Political educator: Paul Vallas became the nation's most sought-after superintendent by bringing order and energy to Chicago's moribund school system - Feature
Education Next, Wntr, 2003 by Alexander Russo
A STEADY TRICKLE OF WELL-WISHERS APPROACH FORMER CHICAGO schools superintendent Paul Vallas during a quiet morning at Petro's, the Greek-run downtown coffee shop where Vallas is holding forth. Some congratulate him, some thank him for putting in a good word at a selective parochial school, some ask after his family, and some make sure he's got enough coffee.

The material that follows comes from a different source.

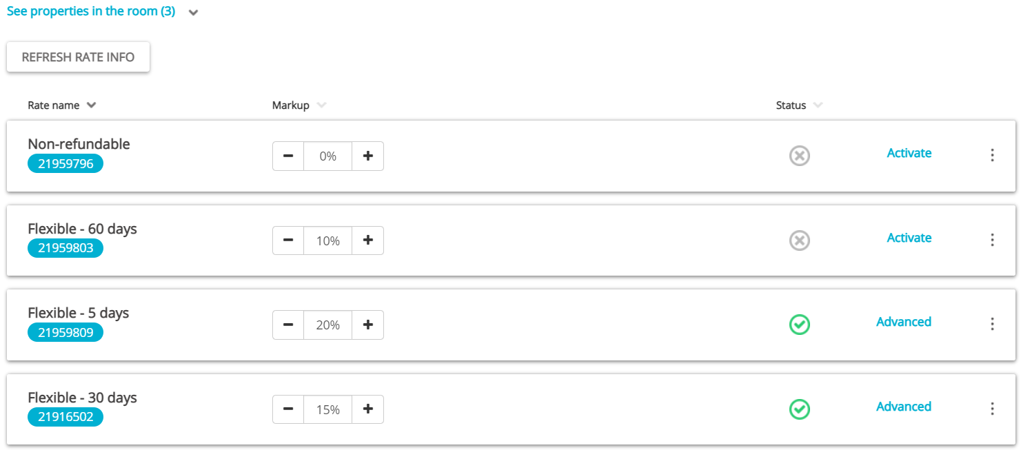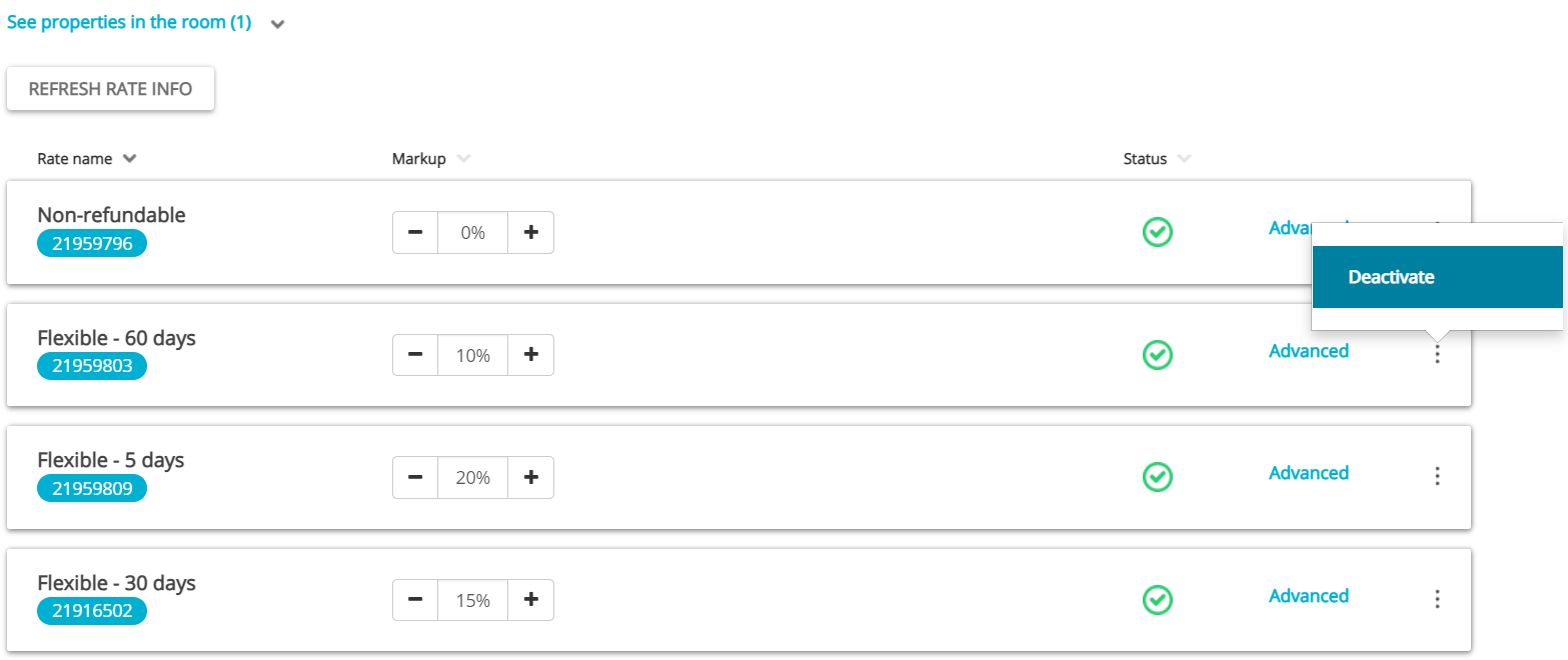 After mapping, remember to activate the connection by clicking the Activate button next to each rate in Property Page. If you decide to deactivate the rates, you can always do this by clicking the Deactivate button which is available after you click the Manage button. Note, however, that depending on the status of other rates or the channel policy, deactivation's results may be different, so be careful with that. Also, deactivation does not remove the connection between Rentals United and the sales channel, so you will be able to activate the connection back any time.

Vallas, a famously tireless worker, has had a busy year. Since tendering his resignation, Vallas has run for--and only narrowly missed becoming--the Democratic nominee for Illinois governor. He has spoken at venues across the country, including talks before the U.S. Congress and the city council of New York City. He has consulted to Britain's Tony Blair. And at one point he was simultaneously in the running for three high-profile jobs: chancellor of the New York City schools, CEO of the Philadelphia schools, and Illinois state superintendent of education. He has since accepted the job heading the turbulent Philadelphia school system, where tensions between the city and state have been escalating for years and Edison Schools, Inc., has taken responsibility for running 20 schools (see jay Mathews's article, "The Philadelphia Experiment" on page 50).
The Vallas Legend
Perhaps the most prominent big-city superintendent in the nation, Vallas is widely credited with having turned around the Chicago school system. Before his arrival in 1995, the Chicago schools had been labeled by William Bennett, the secretary of education in the Reagan administration, as the "worst in the nation." And the label may have fit. Teacher strikes had become common, the district was on the brink of ruin financially, academic performance was abysmal, and school facilities were crumbling.
During his tenure, from 1995 to 2001, Vallas racked up a long string of accomplishments that would be the envy of nearly any superintendent. The budget was quickly put in order. Vallas rehabbed old schools and built attractive new ones. Test scores reported to the public rose nearly every year, two union contracts were negotiated without any strikes, and a host of new programs--summer school, afterschool programs, alternative schools, new magnet programs--were all created, Most important, for perhaps the first time in Chicago's history, low-performing schools were pressured to do better, and students and their parents encountered a system that did not just pass everyone through regardless of what they learned.
Not surprisingly, acclaim poured in for Chicago's turnaround and Vallas's leadership. A Clinton administration favorite, Chicago was twice cited in state of the union speeches. Glowing profiles of Vallas appeared in glossy magazines, and he was given numerous business and education awards. Crossing party lines, he was invited to be part of the Bush administration's transition team. Public opinion polls--paid for by Vallas through the school board--showed support for Vallas that sometimes beat the mayor's approval ratings.
To most outside observers, the ingredients of the Chicago formula for success seemed clear: mayoral control, a nontraditional superintendent, and a strong emphasis on accountability. But other, less-heralded attributes helped just as much, including provisions in the state's 1995 legislation that greatly expanded Vallas's power over teachers and schools; school construction and other appealing initiatives undertaken in part to soften the accountability focus; and characteristics in Vallas that aren't necessarily the trademark of the latest fashion, the bigcity superintendent who rides in from another walk of life.
More than a Mayoral Takeover
Vallas's tenure was directly preceded--and made possible--by Chicago mayor Richard M. Daley's 1995 takeover of the city's school district. Vallas's accomplishments, in turn, were aided immensely by the political muscle and resources Daley put into school reform.
First Daley moved two of his key aides, Vallas and Gery Chico, from City Hall to the school district, with more than 100 others in row. Vallas became the school district's CEO, Chico the president of the school board, In the beginning, Vallas reportedly spent two days a week in the mayor's offices. Shortly thereafter, he abandoned the Board of Education complex on distant Pershing Avenue and moved the board headquarters downtown--just a block from City Hall. An extremely tightknit team nicknamed" The Three Musketeers" by some, the Vallas-Chico-Daley triumvirate heralded rising test scores together and fended off efforts to drive wedges between them. Having these three intelligent and ambitious men working on school improvement was a powerful symbol for change. The team was effective in lobbying downstate for increased funds, and with bond houses as well. Almost overnight, the schools became one of the city's top priorities.
These changes weren't really the result of a "mayoral takeover" in the traditional sense. Chicago hasn't had an independent elected school board in at least 100 years. The 1995 law simply reduced the board's size, gave Mayor Daley the right to appoint anyone to the board instead of picking from a community-generated list, and granted him the right to pick a schools' chief. The powerful local school councils, a vestige of Chicago's 1980s reform approach, "site-based management," remained in place.